So lets fix the polygons. First define a function that when passed an xy
matrix of points finds the closest row in that matrix to the first row of the matrix. I want to join the holes together in a way that does not result in a line crossing another hole. So my logic is that joining the closest shapes at their closest points will avoid this happenning. The logic will still fail if the join line passes outside the perimeter of the outer shape, but how often does that happen !
closest_to_first_row <- function (xy){
if (nrow(xy)==2){
return (2)
} else {
return(1 + which.min(rowSums((xy[-1,] - xy[1,])^2)))
}
}
Now define a function that when passed two xy
boundary matrices finds the closest points between the perimeters of the two rings. I don’t test for it but they have to be rings.
bridge <- function(xy1, xy2){
#which row in xy2 is closeset to mid point of xy1
i.2 <- which.min(apply((colMeans(apply(xy1, 2,range))-xy2)^2,1,sum))
i.1 <- which.min(apply((xy2[i.2,]-xy1)^2,1,sum)) #which row in xy1 is closest to this point in xy2
i.2 <- which.min(apply((xy1[i.1,]-xy2)^2,1,sum)) #and again
return(as.integer(c(i.1,i.2)))
}
Now all I need to do is bridge all the holes within a polygon to each other with a bridge of width zero. I need to calculate some summaries of the ring structures which could be done in plyr but I prefer data.table.
require(data.table)
## Loading required package: data.table
pos<-as.data.table(pos)
#Add a new field to contain the original position as I need this for
#drawing the orginal borders (which are correct)
pos$draw=pos$ring
while(TRUE){
#summarise the information on each ring
holes <- pos[hole==TRUE,.(mid.x=mean(range(x)), mid.y=mean(range(y))),by=.(id,ring)]

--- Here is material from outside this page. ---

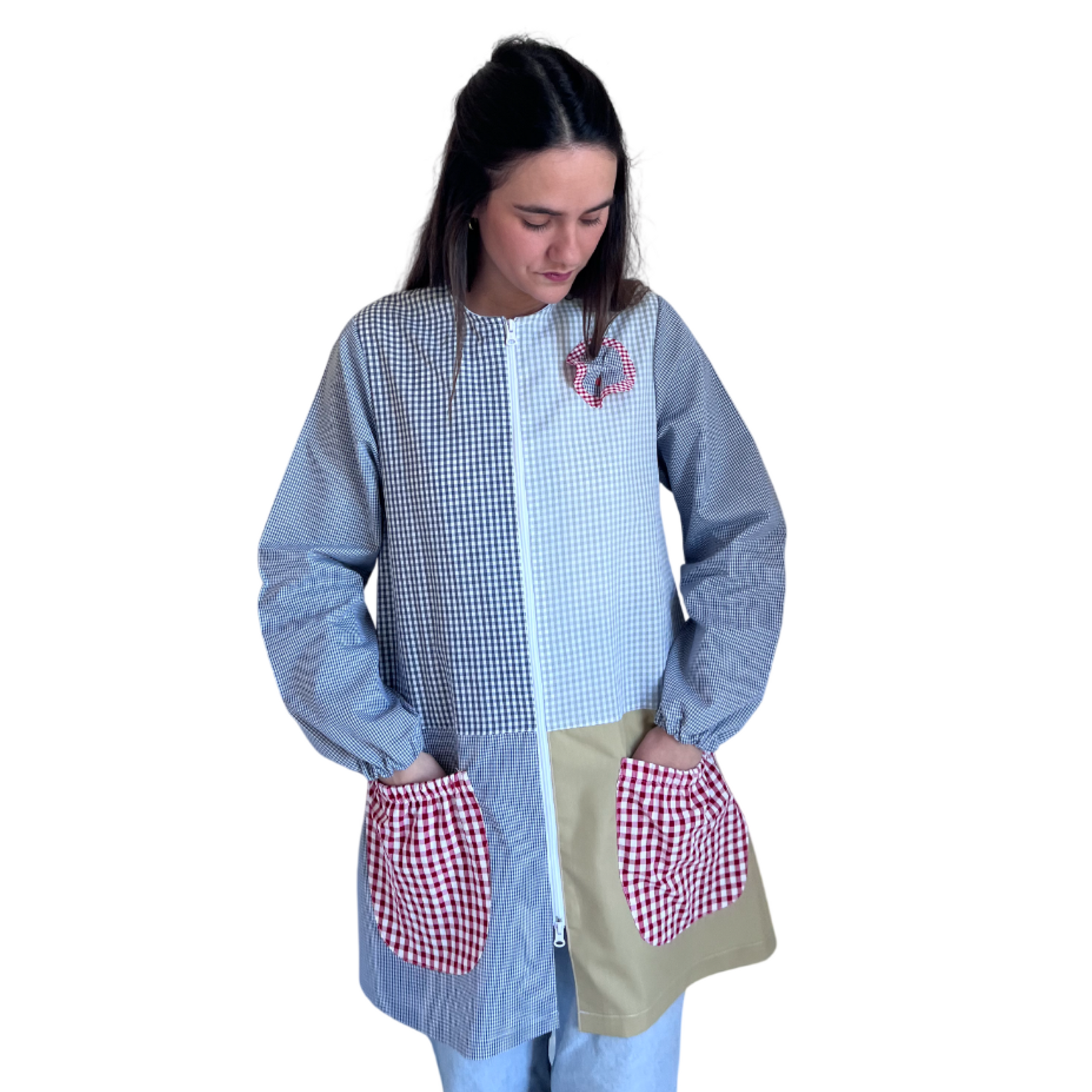 Bata de manga larga campana con dos bolsillos interiores y cremallera de doble carro.

holes <- holes[,num_holes:=.N ,by=id]
if(max(holes[,num_holes])<=1) break #Exit if only one hole per id remaining
#get the first id that has more than one hole in it
ii <- which(holes$num_holes>1)[1]
h.id <- holes$id[ii] #which id are we dealing with
h1.ring <- holes$ring[ii] #which hole are we dealing with first
#get the hole ring which is closest to h1.ring This ensures that the shortest path
#between h1.ring and h2.ring does not cross another hole ring.
h2.ring <- holes[id==h.id][closest_to_first_row(as.matrix(holes[id==h.id, .(mid.x,mid.y)])),ring]

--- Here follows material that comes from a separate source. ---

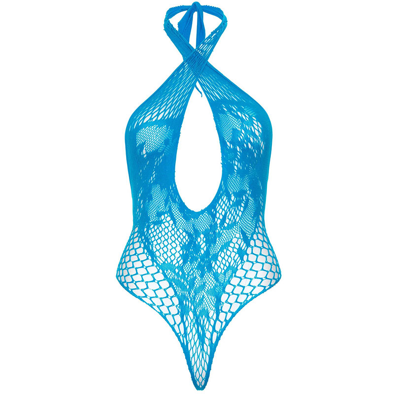 Lace and net halter teddy Turquoise

cat('joining ring', h1.ring, 'to ring', h2.ring, '\n')
#find the best bridging point
h1.xy <- as.matrix(pos[id==h.id & ring==h1.ring, .(x, y)]) #xy matrix for ring1
h2.xy <- as.matrix(pos[id==h.id & ring==h2.ring, .(x, y)]) #xy matrix for ring2
h1.l <- nrow(h1.xy) #number of points in ring1
h2.l <- nrow(h2.xy) #number of points in ring2
h1.draw <- pos[id==h.id & ring==h1.ring, draw] #existing values for drawing border
h2.draw <- pos[id==h.id & ring==h2.ring, draw]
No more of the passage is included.